The signal for the attack sounded. Fierce shouts came from the other
side of the ship. The shouters were hidden, but there was no mistaking
the sounds. They came from human throats.

"Give 'em hell, boys!"

"Tear 'em to pieces!"

The harsh throbbing of vibration pistols split the quiet air.

"Steady!" Nielson said. "Wait until they go to see what's happening."

The group busy around the ship raised startled faces from their task.
They seemed to listen. Then they turned and ran around the bow of the
vessel.

"Come on!" cried Nielson, leaping from concealment.

There wasn't a person left in sight to oppose them. Fifty yards to
cross. Fifty yards to the ship! Fifty yards to a fighting chance for
life!

Under their racing feet the soft turf was soundless.

Twenty-five yards to go now. Ten yards.

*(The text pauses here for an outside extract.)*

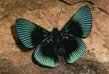 光明女神闪蝶:是鳞翅目、闪蝶科、闪蝶属的昆虫。前足相当退化,短小无爪。前翅R脉5条,常共柄。卵半圆球形。幼虫头上有突起,体节上有枝刺,腹足趾钩1至3序中列式。蛹为垂蛹。雄闪蝶的翅面有绚丽的金属般光泽,…全部>>

Ten feet to the open lock.

Thulon appeared in the lock. He looked in surprise at the charging men.

Except for the rough staff that he carried he was weaponless.

Nielson didn't give the command to fire, didn't need to give it. Every
vibration pistol had been drawn long before the men leaped from cover.
Every pistol came up at the same instant, every index finger squeezed a
trigger.

Only Thulon stood between them and a fighting chance for life. They came
of warrior races, these men. No bugles urged them on. They needed no
bugles.

A howling vortex of radiation smashed at the figure in the lock.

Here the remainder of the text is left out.